Any suitable programming language may be used in accordance with the various embodiments of the invention. Illustratively, the programming language used may include assembly language, Ada, APL, Basic, C, C++, COBOL, dBase, Forth, Fortran, Java, Modula-2, Pascal, Prolog, REXX, Visual Basic, and/or JavaScript, for example. Further, it is not necessary that a single type of instructions or single programming language be utilized in conjunction with the operation of the system and method of the invention. Rather, any number of different programming languages may be utilized as is necessary or desirable.
Also, the instructions and/or data used in the practice of the invention may utilize any compression or encryption technique or algorithm, as may be desired. An encryption module might be used to encrypt data. Further, files or other data may be decrypted using a suitable decryption module, for example.
As described above, the invention may illustratively be embodied in the form of a processing machine, including a computer or computer system, for example, that includes at least one memory. It is to be appreciated that the set of instructions, i.e., the software for example, that enables the computer operating system to perform the operations described above may be contained on any of a wide variety of media or medium, as desired. Further, the data that is processed by the set of instructions might also be contained on any of a wide variety of media or medium. That is, the particular medium, i.e., the memory in the processing machine, utilized to hold the set of instructions and/or the data used in the invention may take on any of a variety of physical forms or transmissions, for example. Illustratively, the medium may be in the form of paper, paper transparencies, a compact disk, a DVD, an integrated circuit, a hard disk, a floppy disk, an optical disk, a magnetic tape, a RAM, a ROM, a PROM, a EPROM, a wire, a cable, a fiber, communications channel, a satellite transmissions or other remote transmission, as well as any other medium or source of data that may be read by the processors of the invention.

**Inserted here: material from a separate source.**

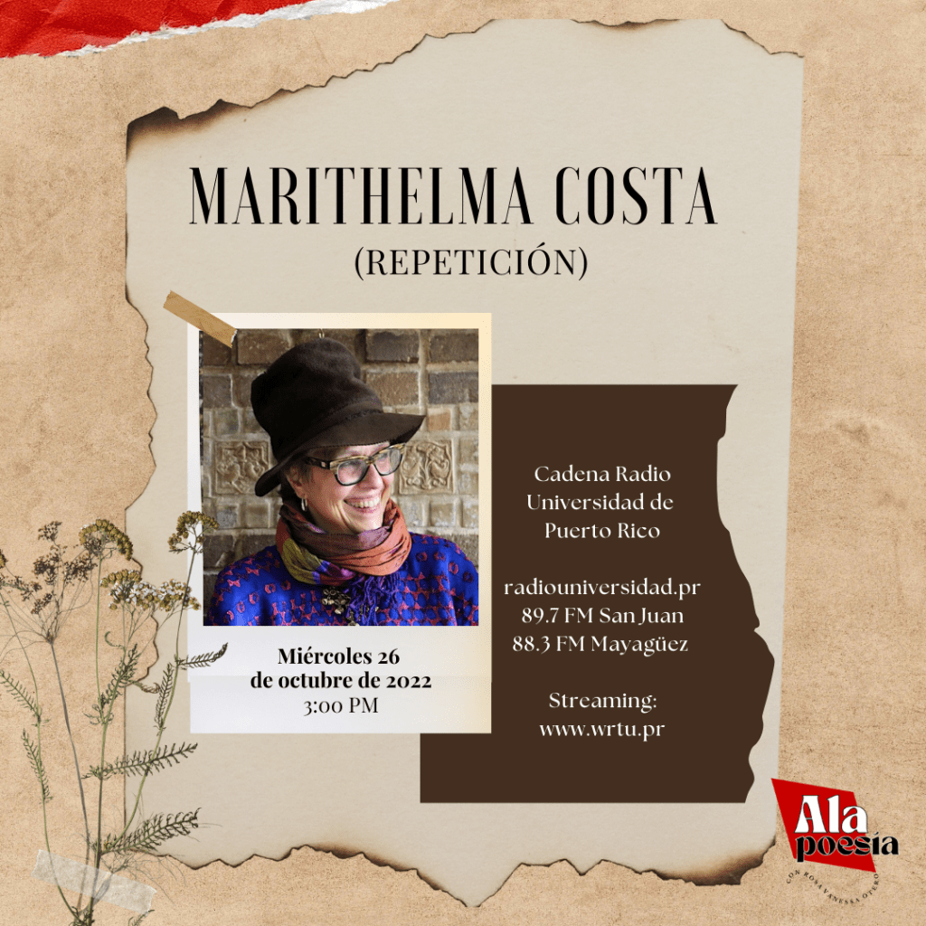 El segundo vuelo de la nueva temporada de Alapoesía, «Marithelma Costa: una viajera en su jardín», restrena este miércoles 26 de octubre de 2022 a las 3:00 p.m. (Zona -4 La Paz). Sintonízanos desde el 89.7 u 88.3 FM o streaming por las plataformas de www.radiouniversidad.pr .

Further, the memory or memories used in the processing machine that implements the invention may be in any of a wide variety of forms to allow the memory to hold instructions, data, or other information, as is desired. Thus, the memory might be in the form of a database to hold data. The database might use any desired arrangement of files such as a flat file arrangement or a relational database arrangement, for example.
In the system and method of the invention, a variety of “user interfaces” may be utilized to allow a user to interface with the processing machine or machines that are used to implement the invention. As used herein, a user interface includes any hardware, software, or combination of hardware and software used by the processing machine that allows a user to interact with the processing machine. A user interface may be in the form of a dialogue screen for example. A user interface may also include any of a mouse, touch screen, keyboard, voice reader, voice recognizer, dialogue screen, menu box, list, checkbox, toggle switch, a pushbutton or any other device that allows a user to receive information regarding the operation of the processing machine as it processes a set of instructions and/or provide the processing machine with information. Accordingly, the user interface is any device that provides communication between a user and a processing machine. The information provided by the user to the processing machine through the user interface may be in the form of a command, a selection of data, or some other input, for example.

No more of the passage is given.